Rund 100.000 Bauern in 15 kolumbianischen Regionen folgten dem Aufruf der Bauernorganisation Dignidad Agropecuaria (Würde des Agrarsektors), wegen "jahrzehntelanger Vernachlässigung, unerfüllter Versprechen, antinationaler Regierungen und der ständigen Bedrohung des Verschwindens von Bauernaktivisten" auf die Straße zu gehen. Transportarbeiter, Fahrer, Milch-, Kakao- und Kaffeebauern nehmen an der sogenannten "Revolution der Ponchos" teil. Epizentren der Proteste sind die Regionen Santander, Sucre, Valle de Cauca oder Córdoba und Boyacá.

Wie der Repräsentant der Dignidad Agropecuaria, César Pachón, vor Pressevertretern erklärte, hat der kolumbianische Präsident Juan Manuel Santos, der sich am 25. Mai der Wiederwahl stellt, bei den Verhandlungen zwischen Vertretern der Regierung und Bauernschaft klargestellt, dass es derzeit keine Pläne für eine konkrete Neuausrichtung der Agrar-, Umwelt- oder Transportpolitik gäbe. Santos hält die Proteste zudem für ungerechtfertigt und angesichts der anstehenden Wahlen für politisch motiviert.

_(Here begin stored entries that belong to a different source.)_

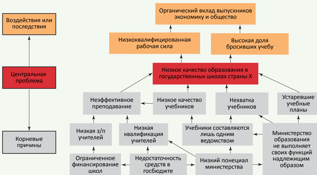
Иллюстрация 2. Пример анализа с помощью древа проблем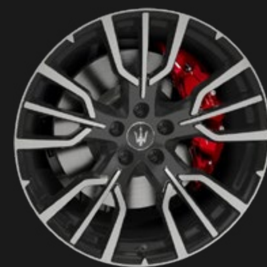
ETERE 20" MATTE GREY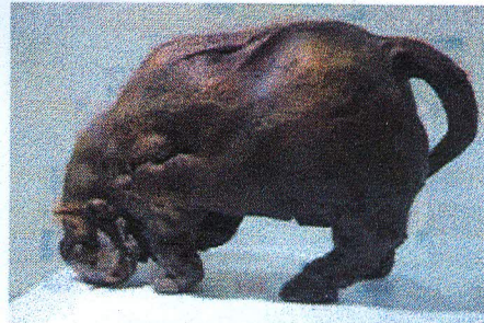
Taureau, bronze, 24 x 45 x 21 cm

d'une autre tête ancienne qui va tomber. «Ce n'est pas un enfermement, dit-il, c'est le vivant qui apparaît derrière la mort, c'est le renouveau, l'émergence.» Dans un autre visage, Antonio , l'expression, le regard sont dus à un accident de cuisson: ce personnage a passé l'épreuve du feu.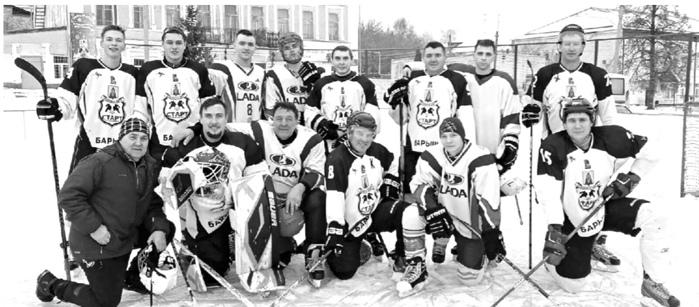
Барышский «Старт» - традиционный участник чемпионата области.

«Запад»: Сура - Старт - 2:5, Шторм - Витязь - 8:6, Витязь - Сура - 5:4, Старт - Шторм - 3:4(Б). «Восток»: Заря-Колос - Барс - 3:0, Цементник - Нефтяник - 3:4 (ОТ), Цементник - Барс - 5:4, Нефтяник - Заря-Колос - 11:2.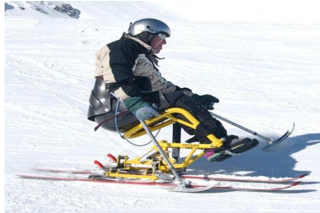
DUALSKI Biski AVMH_735_99_D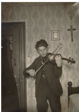
Alexander Camaro beim Geigenspiel, um 1916, Fotoabzug | Alexander Camaro grający na skrzypcach, około 1916, odbitka zdjęcia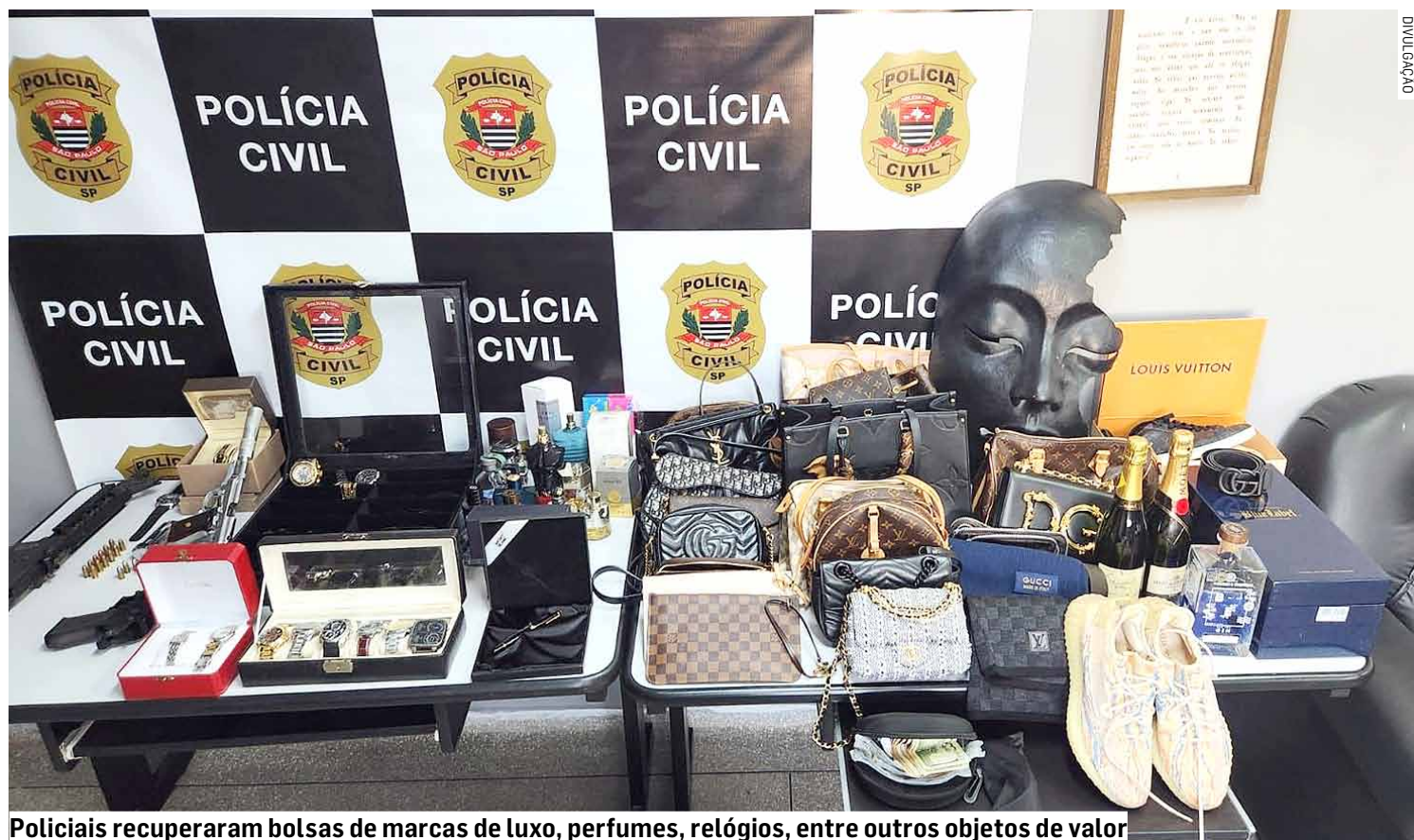
Policiais recuperaram bolsas de marcas de luxo, perfumes, relógios, entre outros objetos de valor

Der Präsident behauptete in diesem Zusammenhang, dass seine Regierung die gegebenen Versprechen eingelöst hat. Die Regierung hat zwar für das laufende Jahr Investitionen von 680 Millionen US-Dollar in den Agrarsektor vorgesehen, trotzdem beläuft sich die Verschuldung der Regierung bei den Bauern noch immer auf insgesamt 250 Millionen US-Dollar.

Nur in einem der sechs Punkte der Gesprächsagenda, dem Zugang zu Landbesitz, hat es bisher Fortschritte gegeben. Die wesentlichen Forderungen wie die Neuverhandlung des Freihandelsabkommens mit den USA, die Kostenkontrolle bei Düngemitteln, Erlass von Bankkrediten, Kontrolle der Minenwirtschaft, Umweltschutz und die Unterstützung von Alternativanbau, um in einigen Regionen eine Überproduktion zu verhindern, sind bisher noch gar nicht angesprochen worden. Weitere Forderungen sind die Senkung der Kraftstoffpreise und die Bekämpfung des Schmuggels von Agrarprodukten aus dem Nachbarland Venezuela.

Zudem lehnen die Bauernvereinigungen die Kriminalisierung der Proteste durch die Polizei- und Militärkräfte ab. Den Bauernprotesten wird immer wieder von Sicherheitskräften unterstellt von Guerillagruppen unterwandert zu sein. Dieser Vorwurf diente in der Vergangenheit als Vorwand zur Repression von Streiks und Demonstrationen der bäuerlichen Vereinigungen.